Note that this function uses a nested for loop, which is supposed to be very slow in R. However, in the comments in this function I have proposed a vectorised solution; in theory this should speed the computation, but in practice it doesn’t! Extensive testing shows the for loop and vectorised components produce the same running time.

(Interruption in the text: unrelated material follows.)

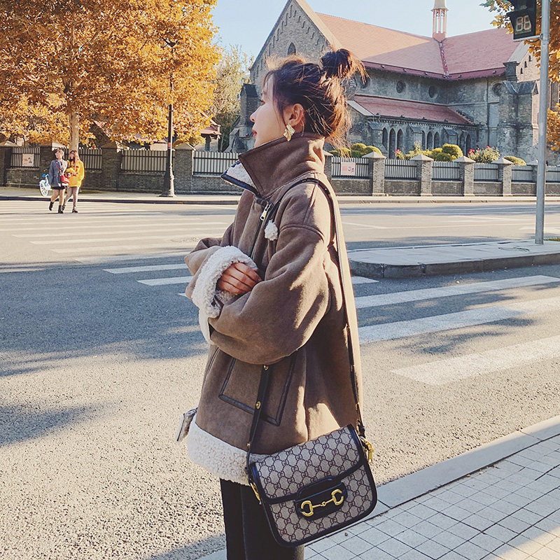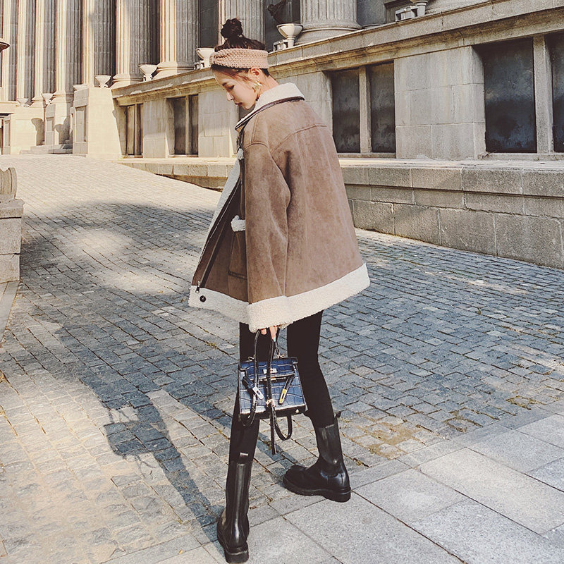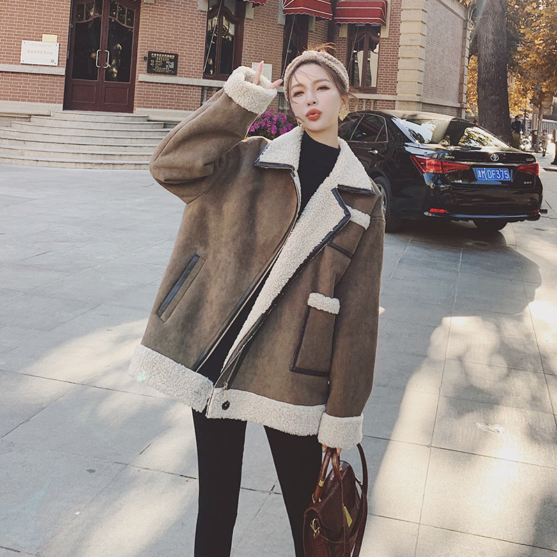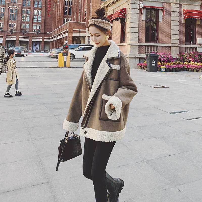 Lamb Wool Jacket Woman 2021 New Autumn Winter Short LOCOMOTIVE CLOTHING LEATHER HAIR Thickened Wool wool suede

### this code runs one simulation (i.e., produces one POS from n_sims)
do_simulation <- function(n_sims, max_trials, cos_criterion, stable_thresh,
                          mu, sigma, tau){
  
  # simulate the data itself
  sim_results <- matrix(0, nrow = n_sims, ncol = max_trials)
  for(i in 1:n_sims){
    for(j in 1:max_trials){
      sim_results[i, j] <- r_exgauss(j, mu, sigma, tau)
    }
  }
  
  # # apply version to remove outer i loop 
  # # If you use this,  make sure the remaining operations work on rows
  # # (they are currently set to work on columns)
  # sim_results <- matrix(1:max_trials, nrow = max_trials, ncol = n_sims)
  # sim_results <- apply(sim_results, 1:2, r_exgauss, mu = mu, sigma = sigma,
  #                      tau = tau)
  
 
  # what is the final mean of the sample?
  final_mean <- mean(sim_results[, max_trials])
  
  # calculate 95% range of means at each N
  range_upper <- apply(sim_results, 2, quantile, probs = c(0.975))
  range_lower <- apply(sim_results, 2, quantile, probs = c(0.025))
  
  # calculate COS based on cos_criterion
  cos_width <- 0.5 * ((final_mean / 100) * cos_criterion)
  cos_upper <- final_mean + cos_width
  cos_lower <- final_mean - cos_width
  
  ## find the point at which the COS is breached & maintained by the 95% interval
  
  # which RTs are in the COS?
  in_cos <- range_lower > cos_lower
  
  # have a sliding window through the RTs and find the point that the 
  # stable_thresh is reached
  stable <- logical()
  offset <- stable_thresh - 1
  len <- length(in_cos) - offset
  
  for(i in 1:len){
    j <- i + offset
    stable[i] <- all(in_cos[i:j])
  }
  
  # extract the point of stability. If "any(stable) == TRUE" returns FALSE, 
  # just store max_trials as POS (this means stability was not obtained)
  if(any(stable) == TRUE){
    pos <- min(which(stable == TRUE))
  } else {
    pos <- max_trials
  }
  
  return(pos)
  
}

Main parent function call

This is the function that runs the show by calling the above functions. Running the above do_simulation function produces just one POS. Ideally, we would like to repeat this many times to get a stable estimate of the mean POS for a set of ex-Gaussian parameters.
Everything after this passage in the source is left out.